- Developer: Andrew Rogers
- Publisher: Firebird Software
- Platforms: Amstrad CPC, Atari 8-bit, C16 / Plus/4, Commodore 64, ZX Spectrum
- Release: 1986
- Genre: Platform

= Spiky Harold =

1986 video game

Spiky Harold is a platform video game written by Andrew Rogers and published by Firebird Software in 1986. It was released for Amstrad CPC, Atari 8-bit computers, Commodore 16 / Plus/4, Commodore 64, and ZX Spectrum home computers.

==Plot==
As winter approaches, a hedgehog named Harold must get ready for hibernation by gathering food that is buried beneath the hedgerows.

==Gameplay==

Atari 8-bit screenshot

Spiky Harold is a flip-screen platform game in which the player moves the protagonist, Harold, from room to room collecting various objects.
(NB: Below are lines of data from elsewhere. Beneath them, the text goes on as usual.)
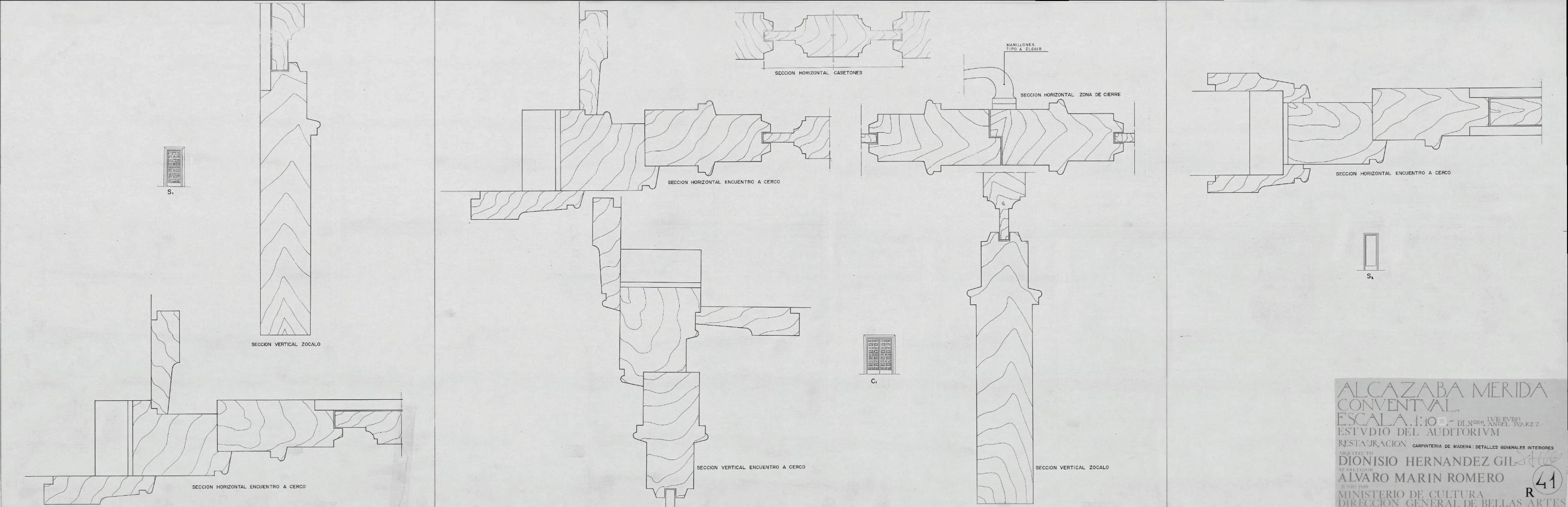 ALCAZABA DE MERIDA (Badajoz) Estudio del Auditorium: Restauración - CARPINTERIA INTERIOR DE MADERA - Detalles Generales 8 secciones - detalle referenciados a los tipos S-1, S-2 y C-1 a escala natural.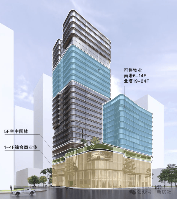 小区配套:位于金融城东区,一线望江。项目占地约7600㎡,总建筑面积约8万㎡,楼高约131.9米,分为南北两座塔楼。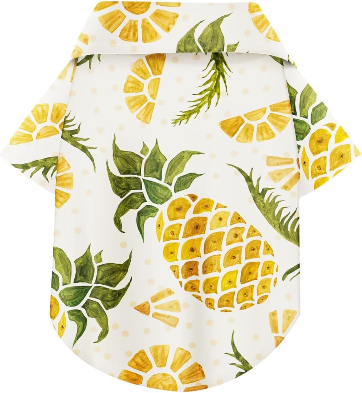 - Tropical Hawaiian Style – This dog shirt features fun pineapple prints, bringing laid-back island vibes to your pup’s wardrobe. A great choice for beach days, poolside parties, or casual summer strolls.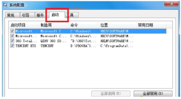 4、然后切换到“启动”选项卡,将多余的启动项即可解决win7重装系统后开机速度慢的问题。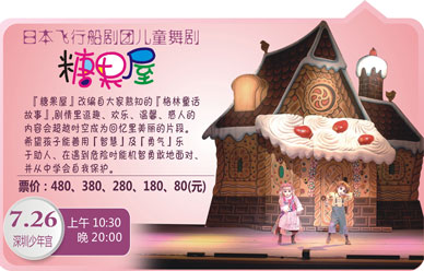 『糖果屋』改编自大家熟知的『格林童话故事』、亨赛尔与格蕾特尔这对兄妹在森林中玩耍迷了路、而被一间充满香味的糖果屋给吸引过去,没想到是坏心的巫婆故意引诱他们并且将他们囚禁起来。这对兄妹是否能善用他们的「智慧」与「勇气」,逃出巫婆的魔掌呢!?尽請期待飛行船的舞台表現。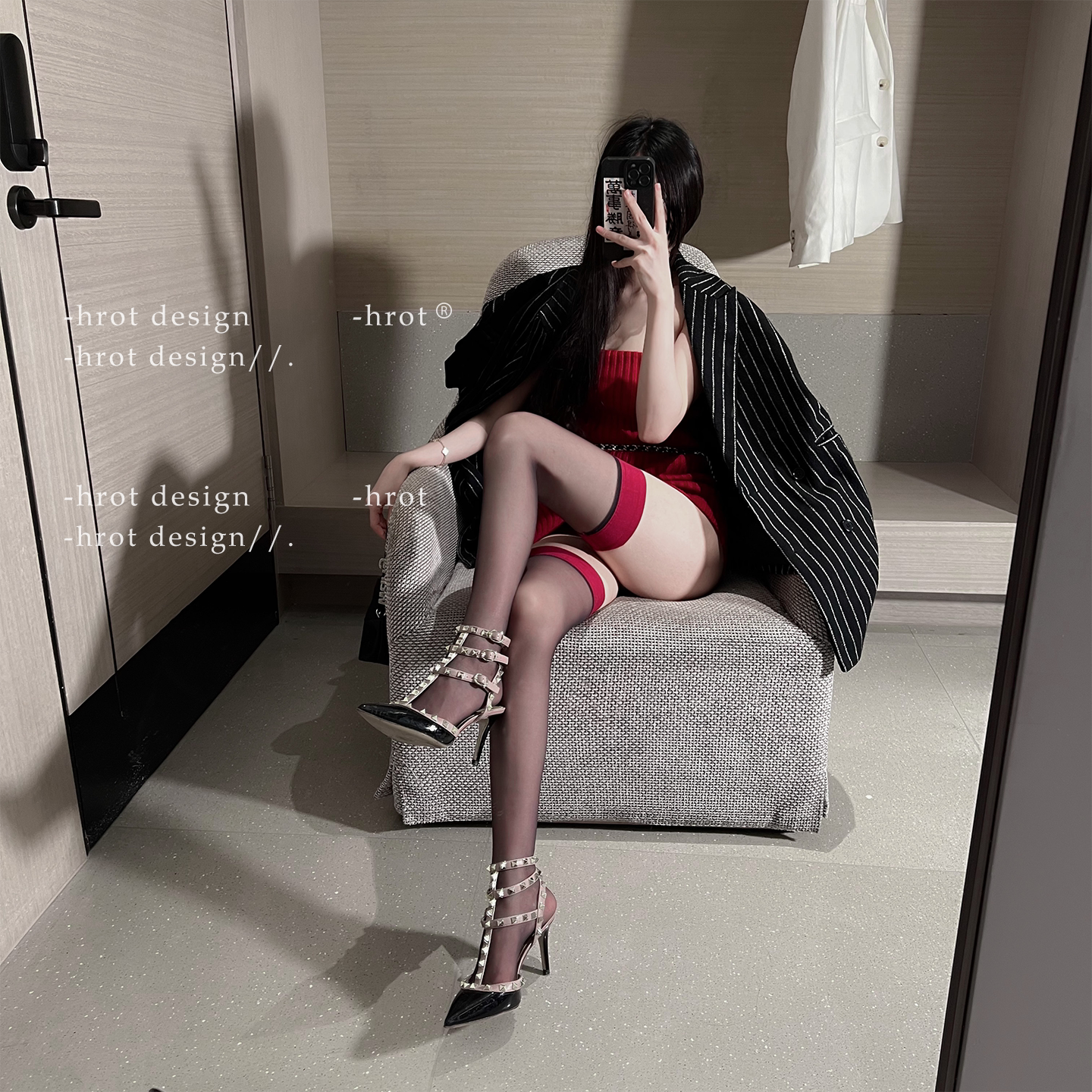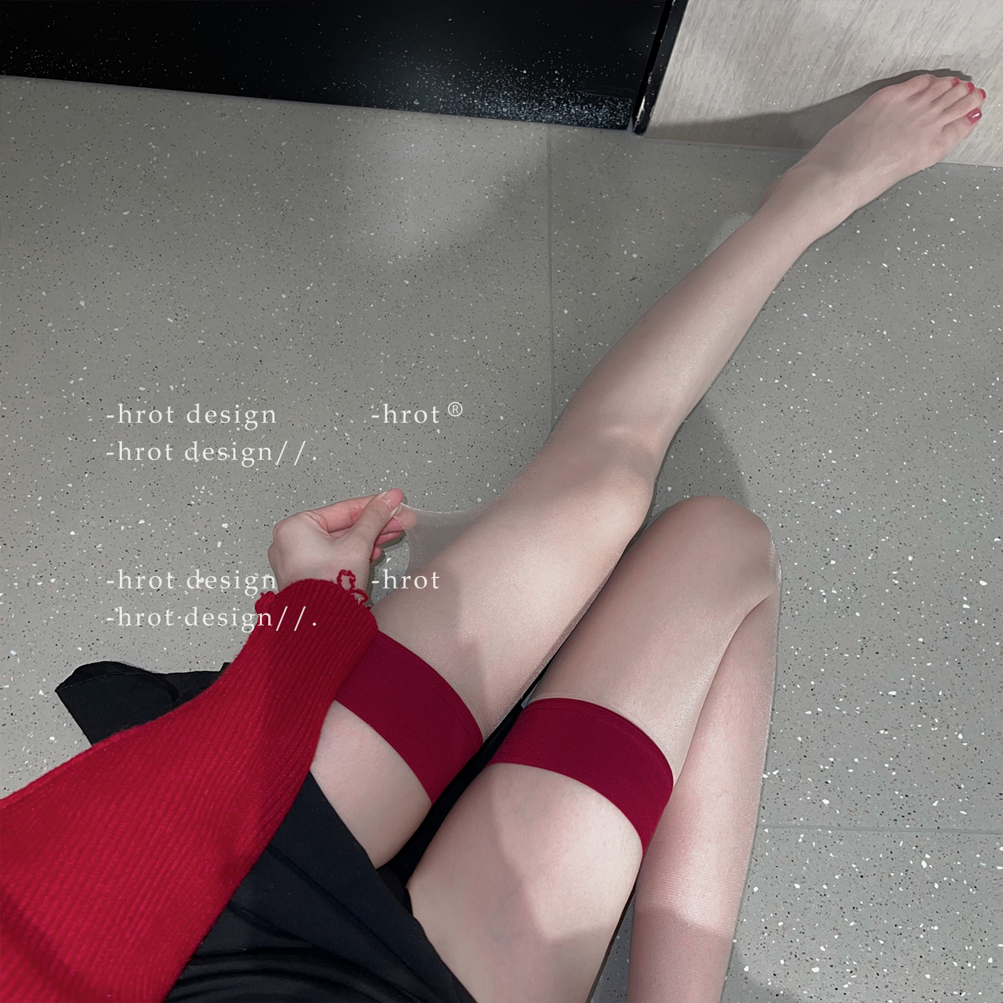 高级感红边撞色黑色过膝丝袜

The goal of this game is to collect enough food for Harold the hedgehog to survive on while hibernating. The necessities are strewn across and below a big hedgerow. Coins that grant extra lives, wine glasses that change Harold's directions, apples, and other food items are among the numerous things that need to be collected. Unfortunately, all the objects are guarded by wasps, rodents, sulfur clouds, and bouncing balls. All the items have to be collected within the 24 hours displayed on the clock at the bottom of the screen. If the player is successful in gathering all of the required materials within the specified time, they must then deliver Harold back to his pad, where he can sleep the winter away.

==Reception==
Spiky Harold received mixed reviews. Commodore User reviewer complained about the slow, repetitive gameplay and dire music detracting a lot from what could have been a good game. Stuart Kirkham writing for the Computer Gamer magazine summed up Spiky Harold as a good platform game that has plenty of entertainment to offer for a small price.